Summary: How to remain faithful to God for the long haul.

In some ways I wish that the book of Nehemiah had ended with chapter 12. There we saw the prepared, participating, purified passionate praise of the people that permeated their culture. No doubt that was one of those mountaintop experiences that we find throughout the Scriptures.

On the other hand I’m glad that the Bible is realistic enough to show that we can’t live on the mountaintops all the time. And this is certainly what we see in Nehemiah chapter 13. So go ahead and turn in your Bibles to the last chapter of the book of Nehemiah.

Let’s set the stage a bit before we dive into the text. As I mentioned at the very beginning of our journey through Nehemiah, the first 12 chapters of the book record the events that take place over a time period of less than one year. The events recorded in those chapters begin with Nehemiah praying and preparing to return to Jerusalem to lead the rebuilding of the walls. Then after a journey that probably took several months, Nehemiah arrives at Jerusalem and, after surveying the conditions, leads the people in the process of rebuilding the walls. In spite of constant opposition, the construction is completed in only 52 days.

Several days later the people assemble to listen to Ezra read the Scriptures and the people respond by obeying what they hear and they observe the Feast of Booths a short time later. After that the people gather to confess their sins and then make a covenant with God to obey His Word. In that covenant in chapter 10, the people make 4 promises to God:

• They promise to submit to God’s Word

• They promise to live in a manner that is distinct from the surrounding nations

• They promise to observe the Sabbath as God commanded

• They promise to take care of God’s house – the Temple

You’ll want to keep those promises in mind as we look at chapter 13 this morning.

Finally, in chapters 11 and 12, we see the people gather once again and engage in passionate corporate worship.

Although there is a bit of ambiguity about the exact order in which the events in chapter 13 take place, we can get a pretty good idea of the general time frame. Look with me at verses 6 and 7:

While this was taking place, I was not in Jerusalem, for in the thirty-second year of Artaxerxes king of Babylon I went to the king. And after some time I asked leave of the king and came to Jerusalem…

(Nehemiah 13:6-7 ESV)

We know from chapter 2 that Nehemiah originally travelled to Jerusalem in the 20th year of the reign of King Artaxerxes. So after serving for governor there for 12 years, Nehemiah returned to his duties in Susa. Sometime later – we’re not exactly sure how long – Nehemiah apparently retires from his service to the king and returns to Jerusalem. As we’ll see this morning, during his absence, the people had turned away from the commitments they had made to God, so Nehemiah is returning to a Jerusalem that is much different than the one he left a few years earlier. It is probably during this time that the prophet Malachi ministers and he addresses many of the same issues Nehemiah is going to confront on his return.

So with that background in mind, let’s read through chapter 13 together.

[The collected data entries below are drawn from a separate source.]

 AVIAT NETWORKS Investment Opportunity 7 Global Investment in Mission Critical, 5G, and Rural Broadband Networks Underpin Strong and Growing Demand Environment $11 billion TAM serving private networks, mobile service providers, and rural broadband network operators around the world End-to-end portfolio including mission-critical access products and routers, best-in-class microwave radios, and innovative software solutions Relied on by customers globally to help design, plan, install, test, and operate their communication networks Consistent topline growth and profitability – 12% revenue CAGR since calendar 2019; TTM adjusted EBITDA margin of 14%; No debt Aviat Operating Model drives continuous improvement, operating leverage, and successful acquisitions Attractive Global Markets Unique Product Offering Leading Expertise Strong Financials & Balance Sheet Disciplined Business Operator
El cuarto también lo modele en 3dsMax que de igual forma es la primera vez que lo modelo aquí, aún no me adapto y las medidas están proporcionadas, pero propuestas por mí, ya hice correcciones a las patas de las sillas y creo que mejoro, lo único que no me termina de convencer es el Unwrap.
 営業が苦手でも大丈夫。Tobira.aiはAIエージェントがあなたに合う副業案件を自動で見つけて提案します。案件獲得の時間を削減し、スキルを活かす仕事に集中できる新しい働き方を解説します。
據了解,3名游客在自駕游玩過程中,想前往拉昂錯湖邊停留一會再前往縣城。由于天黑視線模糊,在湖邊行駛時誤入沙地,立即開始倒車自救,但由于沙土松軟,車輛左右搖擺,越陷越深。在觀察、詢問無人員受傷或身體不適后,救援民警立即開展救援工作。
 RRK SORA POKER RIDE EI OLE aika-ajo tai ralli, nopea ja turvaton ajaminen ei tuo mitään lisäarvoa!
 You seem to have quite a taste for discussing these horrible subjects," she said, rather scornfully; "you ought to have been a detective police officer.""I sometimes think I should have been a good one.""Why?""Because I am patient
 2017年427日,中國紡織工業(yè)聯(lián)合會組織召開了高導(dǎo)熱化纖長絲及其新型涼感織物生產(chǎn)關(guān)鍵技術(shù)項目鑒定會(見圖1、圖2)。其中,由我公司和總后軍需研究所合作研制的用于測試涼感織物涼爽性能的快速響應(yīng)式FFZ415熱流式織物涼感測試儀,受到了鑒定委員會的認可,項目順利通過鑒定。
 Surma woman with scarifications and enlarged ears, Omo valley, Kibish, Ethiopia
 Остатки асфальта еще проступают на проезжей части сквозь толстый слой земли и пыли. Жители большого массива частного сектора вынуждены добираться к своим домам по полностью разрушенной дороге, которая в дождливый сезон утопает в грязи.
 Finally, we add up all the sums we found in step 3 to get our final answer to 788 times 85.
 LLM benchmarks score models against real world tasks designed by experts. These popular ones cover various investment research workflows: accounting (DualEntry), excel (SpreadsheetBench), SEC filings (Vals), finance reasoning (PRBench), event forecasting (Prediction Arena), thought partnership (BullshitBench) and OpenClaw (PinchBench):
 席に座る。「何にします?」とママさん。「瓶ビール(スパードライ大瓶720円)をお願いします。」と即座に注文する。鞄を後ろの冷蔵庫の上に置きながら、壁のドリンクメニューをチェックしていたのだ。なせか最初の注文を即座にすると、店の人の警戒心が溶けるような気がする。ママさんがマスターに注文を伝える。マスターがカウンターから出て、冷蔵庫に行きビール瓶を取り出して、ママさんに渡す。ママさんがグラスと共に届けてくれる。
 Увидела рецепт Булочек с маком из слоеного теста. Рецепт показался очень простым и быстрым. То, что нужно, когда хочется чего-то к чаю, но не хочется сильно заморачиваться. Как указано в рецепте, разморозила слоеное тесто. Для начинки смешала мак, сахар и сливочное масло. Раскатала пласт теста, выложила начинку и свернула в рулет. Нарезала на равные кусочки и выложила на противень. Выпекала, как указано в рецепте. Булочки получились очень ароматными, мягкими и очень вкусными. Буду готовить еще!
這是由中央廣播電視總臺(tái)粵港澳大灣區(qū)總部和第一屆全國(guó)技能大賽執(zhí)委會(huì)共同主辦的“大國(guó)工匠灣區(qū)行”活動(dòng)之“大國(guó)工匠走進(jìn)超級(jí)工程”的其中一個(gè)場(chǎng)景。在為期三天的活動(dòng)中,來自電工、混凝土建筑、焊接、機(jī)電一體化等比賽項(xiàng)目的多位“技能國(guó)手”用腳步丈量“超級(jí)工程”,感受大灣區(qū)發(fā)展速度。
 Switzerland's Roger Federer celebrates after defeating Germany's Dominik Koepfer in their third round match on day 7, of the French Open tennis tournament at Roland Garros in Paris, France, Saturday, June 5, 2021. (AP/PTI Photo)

I’m only going to make a few brief comments as we read through the chapter and then we’ll wrap up by developing some principles that we can apply in our own lives.

On that day they read from the Book of Moses in the hearing of the people. And in it was found written that no Ammonite or Moabite should ever enter the assembly of God, for they did not meet the people of Israel with bread and water, but hired Balaam against them to curse them—yet our God turned the curse into a blessing. As soon as the people heard the law, they separated from Israel all those of foreign descent.

(Nehemiah 13:1-3 ESV)

The phrase “on that day” is the one that leads to some ambiguity when it comes to the exact order things took place. It’s pretty evident this is not on the same day as the worship gathering in chapter 12, but rather takes place after Nehemiah’s return to Jerusalem. And it seems likely that based on the first phrase in verse 4 that this takes place after the events in the rest of chapter 13.

While we don’t have time this morning to explore this section in great detail, what we do note here again is that the people immediately took action to obey God’s Word when they were exposed to it.